**Records for processing:**
----
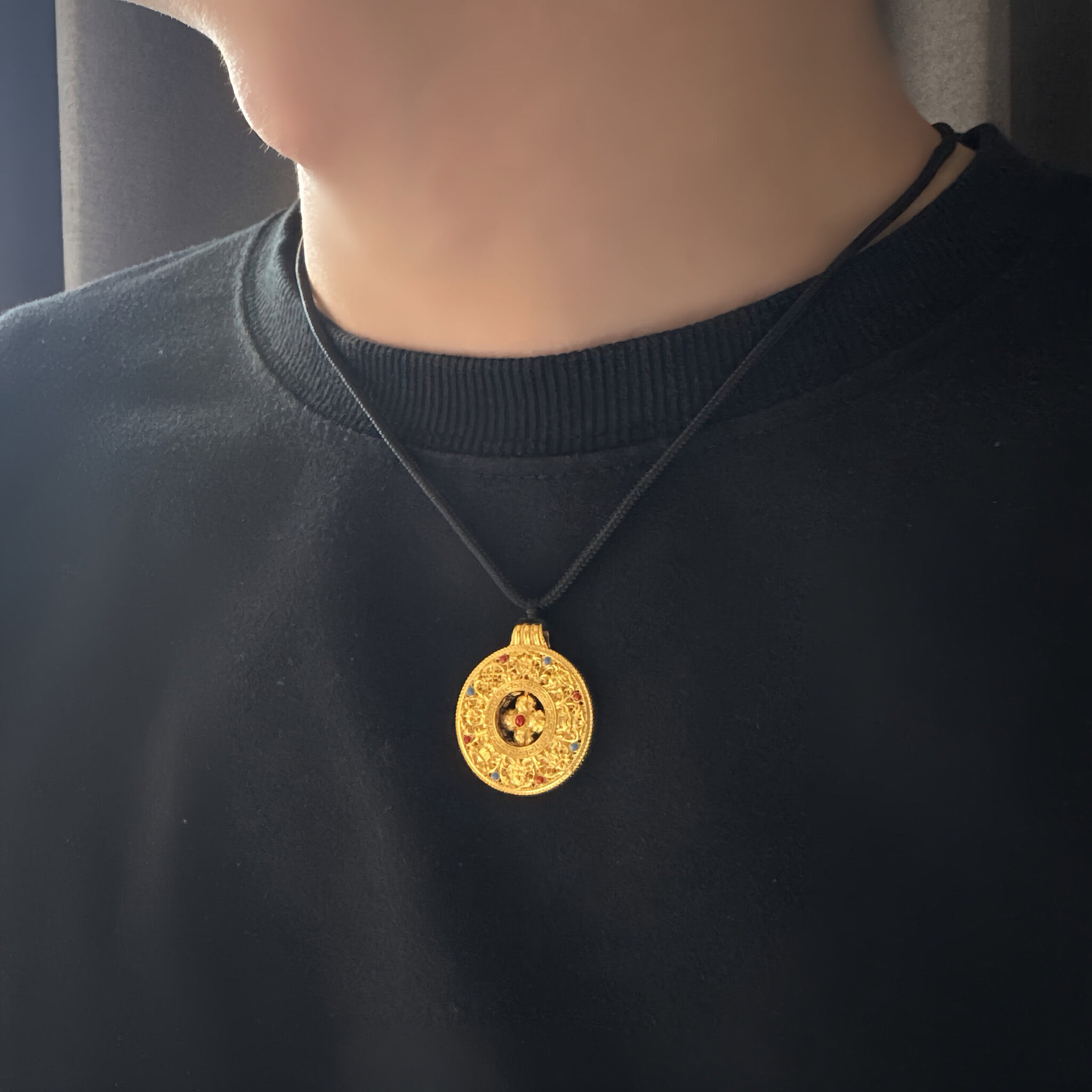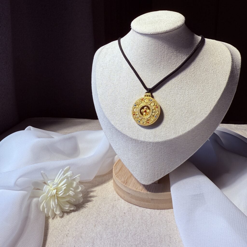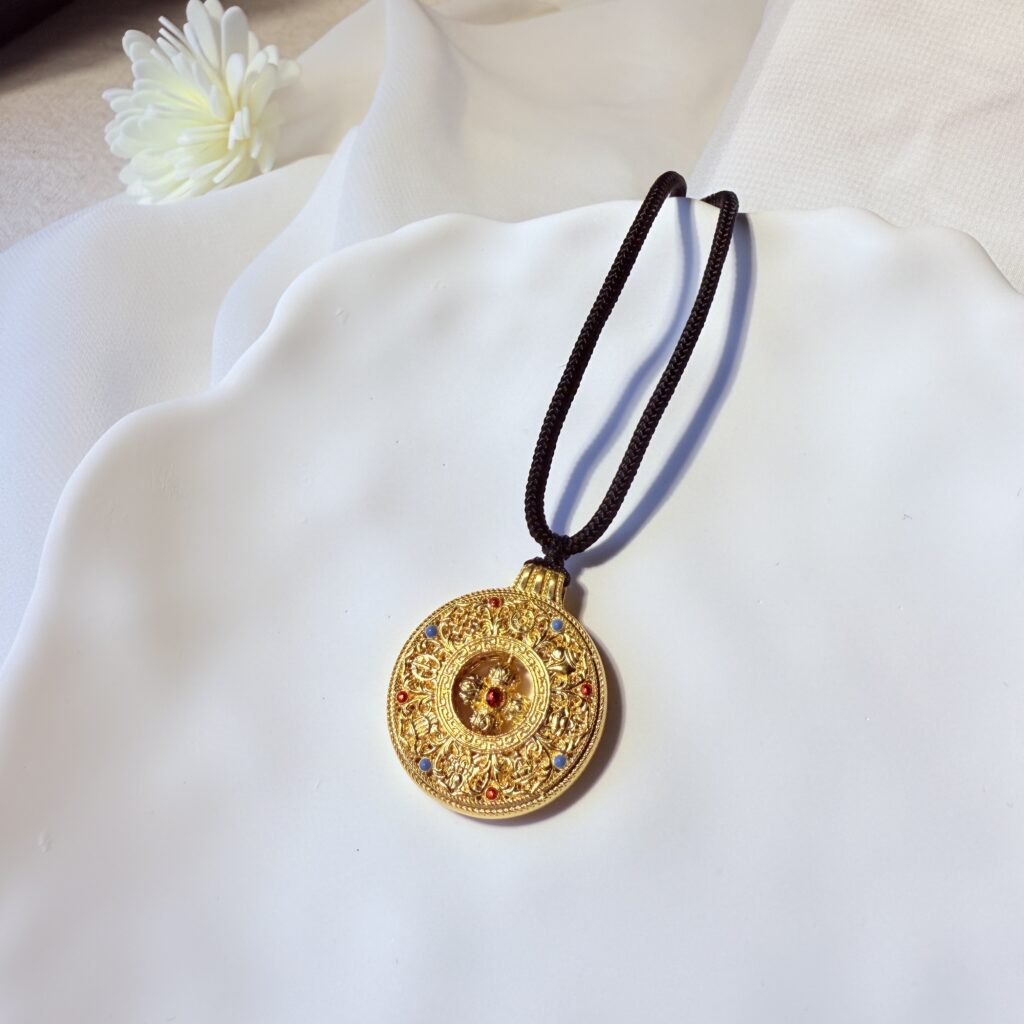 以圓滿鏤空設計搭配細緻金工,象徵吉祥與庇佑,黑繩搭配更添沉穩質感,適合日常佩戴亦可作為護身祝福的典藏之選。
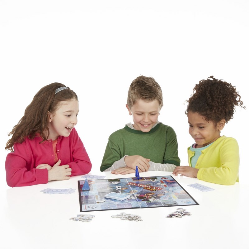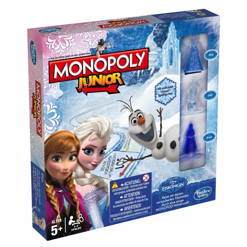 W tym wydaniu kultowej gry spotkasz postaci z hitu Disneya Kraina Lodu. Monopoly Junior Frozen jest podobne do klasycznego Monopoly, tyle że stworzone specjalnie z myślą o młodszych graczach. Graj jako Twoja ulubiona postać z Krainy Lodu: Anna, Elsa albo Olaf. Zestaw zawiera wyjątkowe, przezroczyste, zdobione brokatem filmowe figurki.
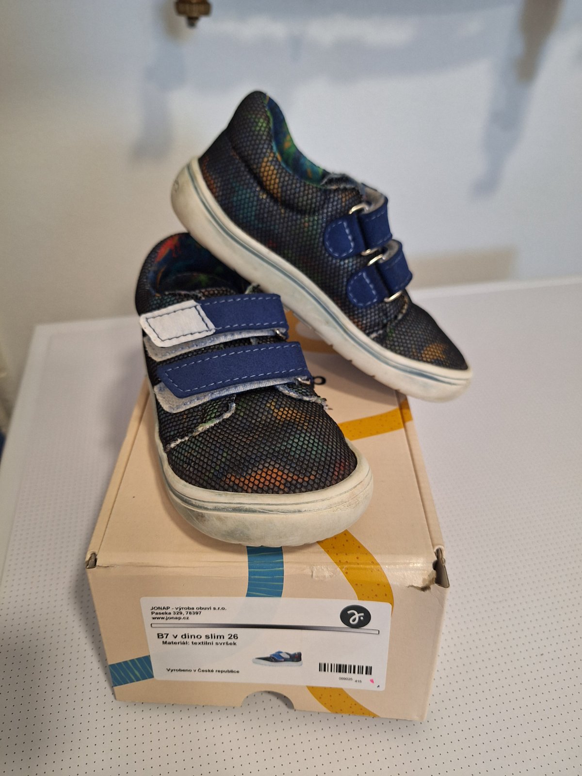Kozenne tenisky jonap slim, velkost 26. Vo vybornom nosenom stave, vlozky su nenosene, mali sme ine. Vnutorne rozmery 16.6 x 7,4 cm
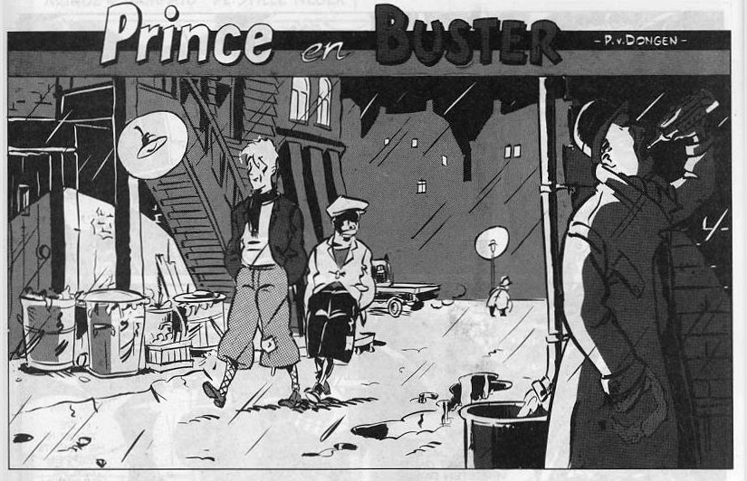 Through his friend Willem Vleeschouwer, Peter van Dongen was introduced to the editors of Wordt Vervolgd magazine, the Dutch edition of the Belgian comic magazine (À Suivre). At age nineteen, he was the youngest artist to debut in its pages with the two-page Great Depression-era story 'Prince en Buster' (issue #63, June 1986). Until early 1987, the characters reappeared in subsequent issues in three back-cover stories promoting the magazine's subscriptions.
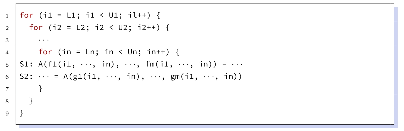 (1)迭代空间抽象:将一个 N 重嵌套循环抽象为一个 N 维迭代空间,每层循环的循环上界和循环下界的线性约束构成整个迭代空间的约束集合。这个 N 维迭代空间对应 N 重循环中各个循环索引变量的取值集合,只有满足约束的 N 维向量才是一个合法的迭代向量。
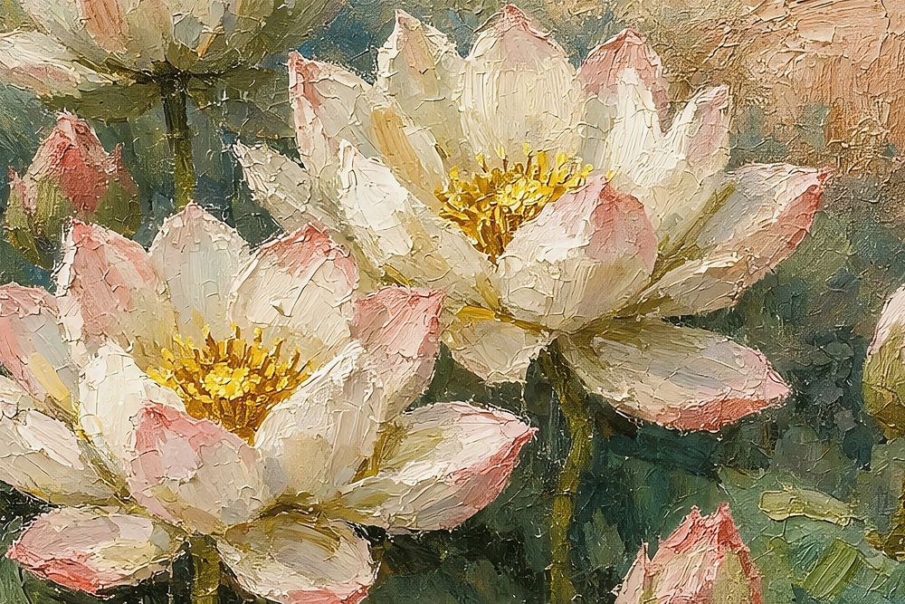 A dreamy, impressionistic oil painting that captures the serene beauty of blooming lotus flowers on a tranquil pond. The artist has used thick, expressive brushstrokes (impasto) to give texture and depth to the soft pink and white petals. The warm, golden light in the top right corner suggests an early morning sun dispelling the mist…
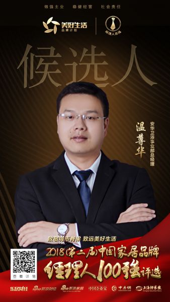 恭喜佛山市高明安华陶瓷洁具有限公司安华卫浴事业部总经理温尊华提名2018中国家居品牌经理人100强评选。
----
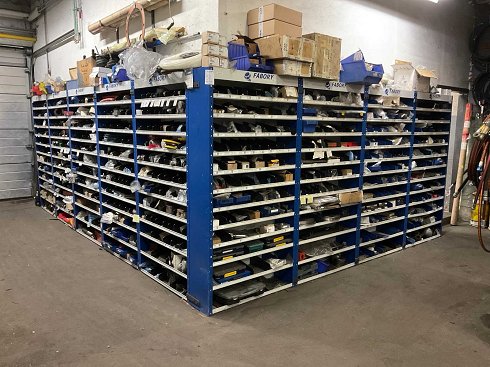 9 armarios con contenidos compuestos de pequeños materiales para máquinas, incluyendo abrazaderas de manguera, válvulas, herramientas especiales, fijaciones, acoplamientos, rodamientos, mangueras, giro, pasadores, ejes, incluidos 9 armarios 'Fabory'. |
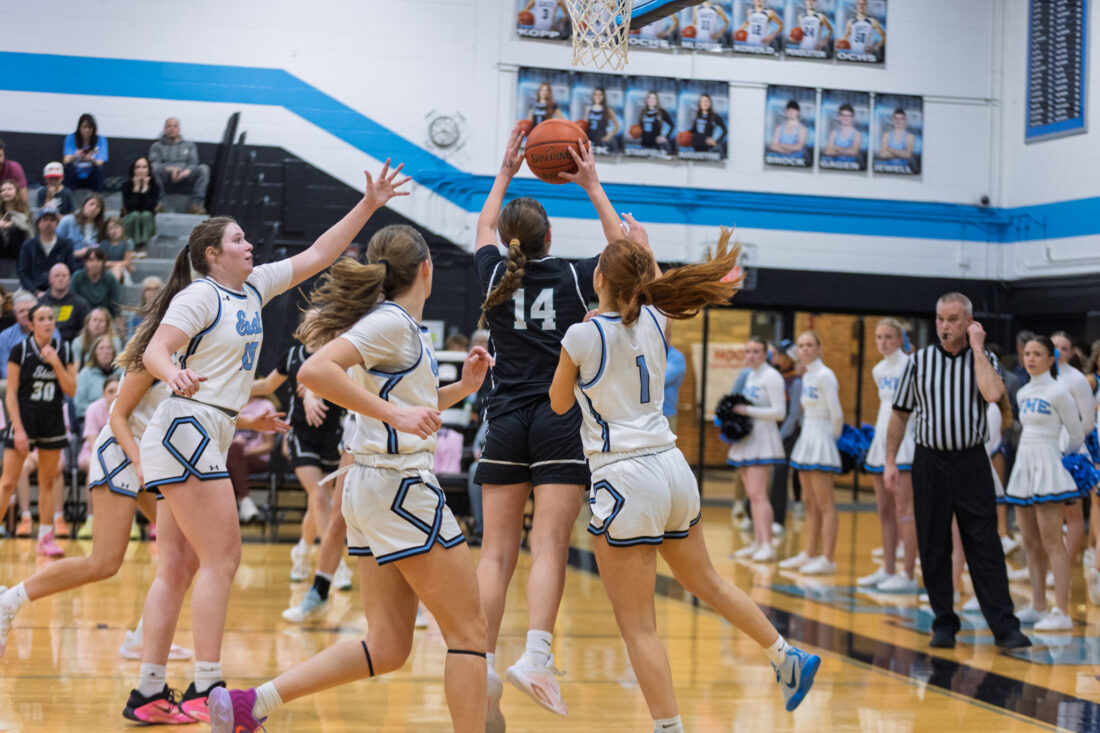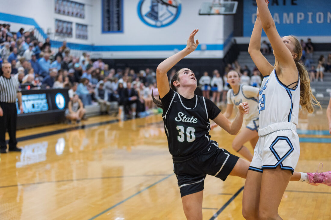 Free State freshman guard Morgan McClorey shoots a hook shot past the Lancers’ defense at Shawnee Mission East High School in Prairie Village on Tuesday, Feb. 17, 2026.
----
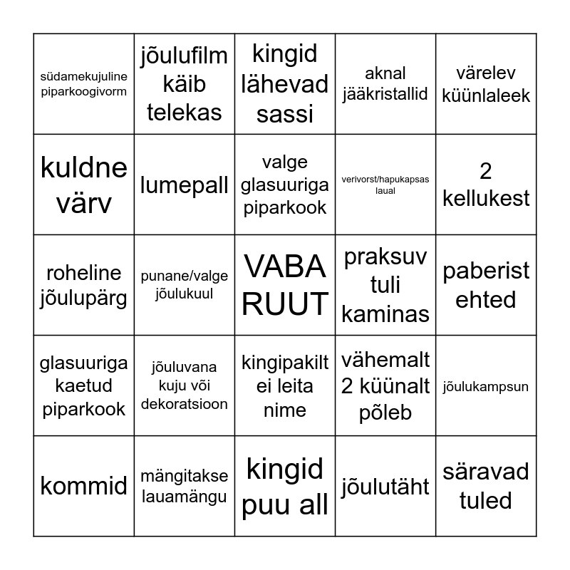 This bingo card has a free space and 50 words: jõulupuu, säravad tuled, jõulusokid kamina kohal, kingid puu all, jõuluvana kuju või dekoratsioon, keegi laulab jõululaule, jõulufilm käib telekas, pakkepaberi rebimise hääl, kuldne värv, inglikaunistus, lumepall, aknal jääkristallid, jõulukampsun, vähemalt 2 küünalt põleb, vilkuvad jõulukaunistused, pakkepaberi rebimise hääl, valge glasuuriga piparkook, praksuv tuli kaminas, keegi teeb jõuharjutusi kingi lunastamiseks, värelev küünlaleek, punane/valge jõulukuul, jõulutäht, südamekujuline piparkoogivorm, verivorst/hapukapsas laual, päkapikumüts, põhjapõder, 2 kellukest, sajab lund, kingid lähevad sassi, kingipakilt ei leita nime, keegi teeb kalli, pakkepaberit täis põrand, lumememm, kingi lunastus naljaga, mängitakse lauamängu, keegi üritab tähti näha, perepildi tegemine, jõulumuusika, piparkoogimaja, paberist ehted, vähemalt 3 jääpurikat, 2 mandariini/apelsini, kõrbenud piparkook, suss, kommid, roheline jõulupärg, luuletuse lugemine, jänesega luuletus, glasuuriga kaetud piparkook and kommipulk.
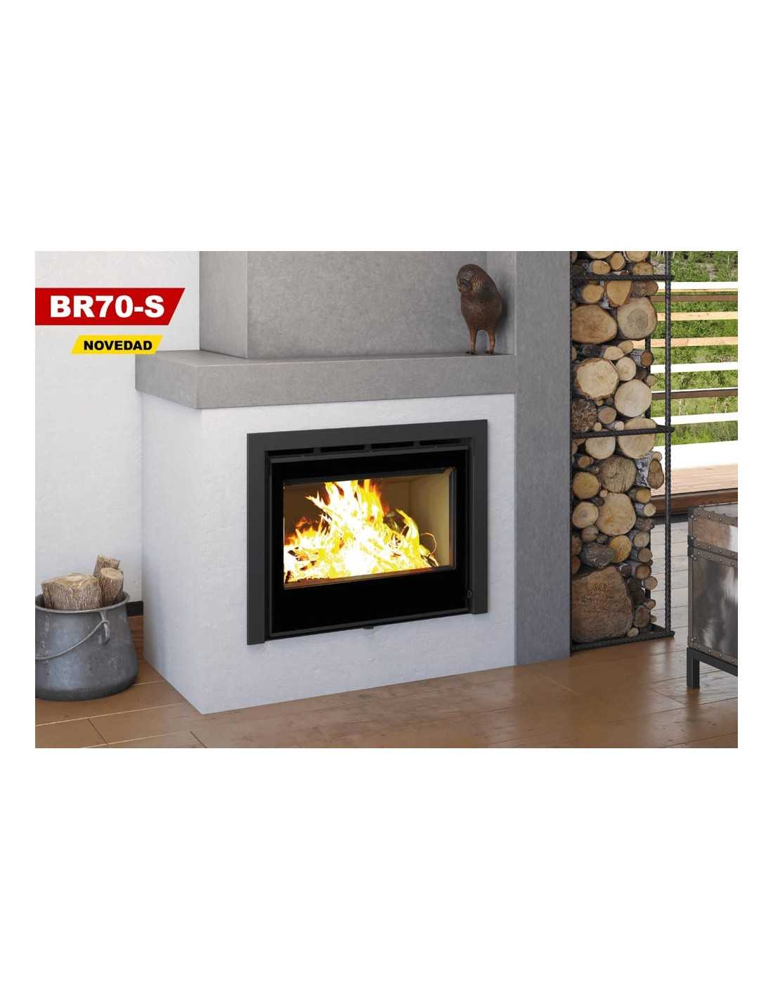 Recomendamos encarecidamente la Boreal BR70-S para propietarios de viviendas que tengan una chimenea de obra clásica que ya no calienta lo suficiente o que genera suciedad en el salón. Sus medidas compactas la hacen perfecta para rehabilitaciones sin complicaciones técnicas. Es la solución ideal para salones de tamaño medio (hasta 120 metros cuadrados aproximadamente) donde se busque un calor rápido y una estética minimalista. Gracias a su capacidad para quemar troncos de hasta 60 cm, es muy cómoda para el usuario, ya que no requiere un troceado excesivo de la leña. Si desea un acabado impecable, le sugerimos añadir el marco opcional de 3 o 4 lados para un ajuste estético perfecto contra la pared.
----
**Task to complete:** What belongs in the answer is each line above from the line with "This bingo card" to the line with "Recomendamos encarecidamente la", inclusive, reproduced exactly and free of pictures.

**Answer to this task:**
 This bingo card has a free space and 50 words: jõulupuu, säravad tuled, jõulusokid kamina kohal, kingid puu all, jõuluvana kuju või dekoratsioon, keegi laulab jõululaule, jõulufilm käib telekas, pakkepaberi rebimise hääl, kuldne värv, inglikaunistus, lumepall, aknal jääkristallid, jõulukampsun, vähemalt 2 küünalt põleb, vilkuvad jõulukaunistused, pakkepaberi rebimise hääl, valge glasuuriga piparkook, praksuv tuli kaminas, keegi teeb jõuharjutusi kingi lunastamiseks, värelev küünlaleek, punane/valge jõulukuul, jõulutäht, südamekujuline piparkoogivorm, verivorst/hapukapsas laual, päkapikumüts, põhjapõder, 2 kellukest, sajab lund, kingid lähevad sassi, kingipakilt ei leita nime, keegi teeb kalli, pakkepaberit täis põrand, lumememm, kingi lunastus naljaga, mängitakse lauamängu, keegi üritab tähti näha, perepildi tegemine, jõulumuusika, piparkoogimaja, paberist ehted, vähemalt 3 jääpurikat, 2 mandariini/apelsini, kõrbenud piparkook, suss, kommid, roheline jõulupärg, luuletuse lugemine, jänesega luuletus, glasuuriga kaetud piparkook and kommipulk.
 Recomendamos encarecidamente la Boreal BR70-S para propietarios de viviendas que tengan una chimenea de obra clásica que ya no calienta lo suficiente o que genera suciedad en el salón. Sus medidas compactas la hacen perfecta para rehabilitaciones sin complicaciones técnicas. Es la solución ideal para salones de tamaño medio (hasta 120 metros cuadrados aproximadamente) donde se busque un calor rápido y una estética minimalista. Gracias a su capacidad para quemar troncos de hasta 60 cm, es muy cómoda para el usuario, ya que no requiere un troceado excesivo de la leña. Si desea un acabado impecable, le sugerimos añadir el marco opcional de 3 o 4 lados para un ajuste estético perfecto contra la pared.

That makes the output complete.